2.3 线程安全的数据结构：queue.Queue

python 复制代码

import queue
import threading
import time


def worker(q: queue.Queue, results: list, lock: threading.Lock):
    while True:
        try:
            item = q.get(timeout=0.1)
        except queue.Empty:
            break
        # 处理任务
        result = item * 2
        with lock:
            results.append(result)
        q.task_done()


# 创建任务队列
task_queue: queue.Queue = queue.Queue()
for i in range(10):
    task_queue.put(i)

results: list = []
lock = threading.Lock()

# 创建工作线程
threads = [
    threading.Thread(target=worker, args=(task_queue, results, lock))
    for _ in range(3)
]
for t in threads:
    t.start()

# 等待所有任务完成
task_queue.join()
for t in threads:
    t.join()

print(f"Queue results: {sorted(results)}")  # [0, 2, 4, 6, 8, 10, 12, 14, 16, 18]

2.4 死锁的产生与避免

python 复制代码

import threading
import time


# ========== 死锁示例 ==========
lock_a = threading.Lock()
lock_b = threading.Lock()
deadlock_occurred = False

def thread_1_deadlock():
    global deadlock_occurred
    lock_a.acquire()
    time.sleep(0.01)
    # 尝试获取 lock_b，但 thread_2 持有 lock_b 且在等待 lock_a
    acquired = lock_b.acquire(timeout=0.1)
    if not acquired:
        deadlock_occurred = True
    lock_a.release()
    if acquired:
        lock_b.release()

def thread_2_deadlock():
    lock_b.acquire()
    time.sleep(0.01)
    # 尝试获取 lock_a，但 thread_1 持有 lock_a 且在等待 lock_b
    acquired = lock_a.acquire(timeout=0.1)
    lock_b.release()
    if acquired:
        lock_a.release()

t1 = threading.Thread(target=thread_1_deadlock)
t2 = threading.Thread(target=thread_2_deadlock)
t1.start(); t2.start()
t1.join(); t2.join()
print(f"Deadlock detected (via timeout): {deadlock_occurred}")

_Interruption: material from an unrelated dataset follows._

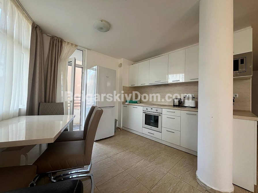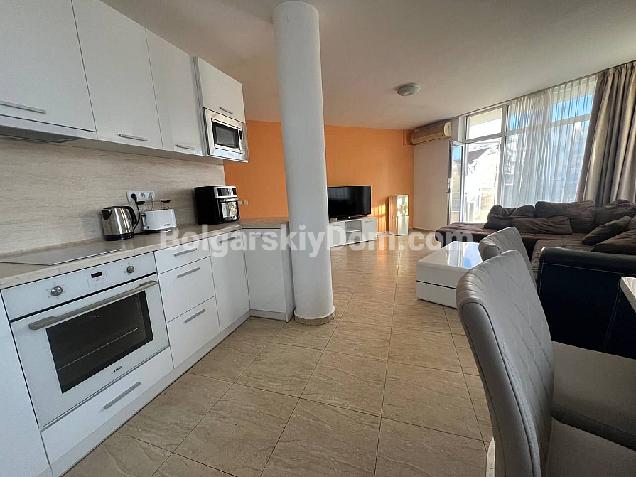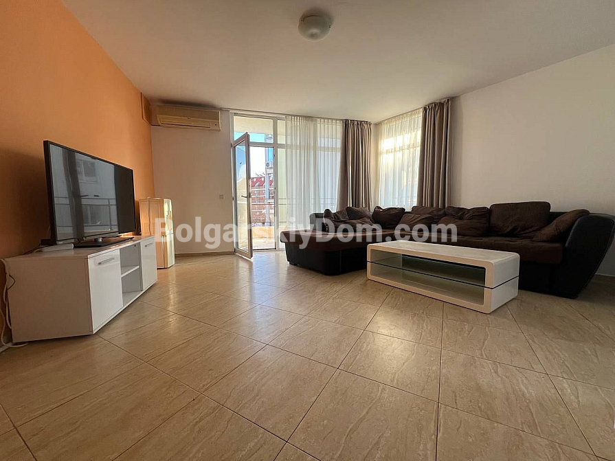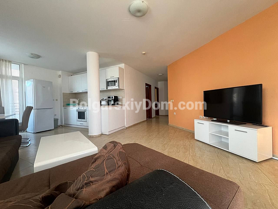 New offer! We present to your attention a spacious two-bedroom apartment in the Sun Village complex in Sunny Beach, practically at the very heart of resort life! It is located on the third floor of a six-story building and occupies 101 sq.m. The apartment will certainly delight its new owners with a fresh renovation, stylish furniture, and all necessary appliances. From the balcony, there is a picturesque view of the pool — a perfect spot for enjoying your morning coffee or relaxing in the evening. The apartment is fully ready to move in, and the maintenance fee is just €8 per year, which makes it even more attractive. The sea is only 650 meters away.

# ========== 避免死锁：锁排序 ==========
def safe_transfer(
    from_account: BankAccount,
    to_account: BankAccount,
    amount: float,
) -> bool:
    """通过固定锁顺序避免死锁"""
    # 始终按 id 排序获取锁，确保所有线程的获取顺序一致
    first, second = sorted(
        [from_account, to_account],
        key=lambda a: id(a)
    )
    with first._lock:
        with second._lock:
            if from_account.balance >= amount:
                from_account._balance -= amount
                to_account._balance += amount
                return True
            return False


a1 = BankAccount(1000)
a2 = BankAccount(500)

# 多个线程互相转账，不会死锁
threads = []
for i in range(10):
    if i % 2 == 0:
        t = threading.Thread(target=safe_transfer, args=(a1, a2, 10))
    else:
        t = threading.Thread(target=safe_transfer, args=(a2, a1, 10))
    threads.append(t)
    t.start()

for t in threads:
    t.join()

print(f"Total after transfers: {a1.balance + a2.balance}")  # 1500.0（守恒）

死锁的四个必要条件（面试考点）：

互斥：资源不能共享，一次只能被一个线程使用
持有并等待：线程持有一个锁，同时等待获取另一个锁
不可抢占：锁不能被强制释放
循环等待：多个线程形成锁的循环依赖

避免策略 ：破坏任意一个条件即可。最常用的是锁排序 （破坏循环等待）和超时机制 （lock.acquire(timeout=...)）。

三、多进程编程（multiprocessing）

3.1 进程间通信

python 复制代码

import multiprocessing
import time
import os


# ========== Queue：进程间消息队列 ==========
def producer_process(q: multiprocessing.Queue, count: int):
    for i in range(count):
        q.put({"id": i, "pid": os.getpid()})
    q.put(None)  # 哨兵值


def consumer_process(q: multiprocessing.Queue, results: list):
    while True:
        item = q.get()
        if item is None:
            break
        results.append(item["id"])


if __name__ == "__main__":
    q: multiprocessing.Queue = multiprocessing.Queue()

    # 使用 Manager 创建共享列表
    manager = multiprocessing.Manager()
    results = manager.list()

    p1 = multiprocessing.Process(target=producer_process, args=(q, 5))
    p2 = multiprocessing.Process(target=consumer_process, args=(q, results))

    p1.start()
    p2.start()
    p1.join()
    p2.join()

    print(f"Process Queue results: {sorted(results)}")  # [0, 1, 2, 3, 4]

3.2 共享内存

python 复制代码

import multiprocessing
import ctypes


def increment_shared(counter, lock, n):
    for _ in range(n):
        with lock:
            counter.value += 1


if __name__ == "__main__":
    # ========== Value：共享简单值 ==========
    counter = multiprocessing.Value(ctypes.c_int, 0)
    lock = multiprocessing.Lock()

    processes = [
        multiprocessing.Process(
            target=increment_shared,
            args=(counter, lock, 1000)
        )
        for _ in range(4)
    ]

    for p in processes:
        p.start()
    for p in processes:
        p.join()

    print(f"Shared counter: {counter.value}")  # 4000


    # ========== Array：共享数组 ==========
    arr = multiprocessing.Array(ctypes.c_double, [0.0, 0.0, 0.0])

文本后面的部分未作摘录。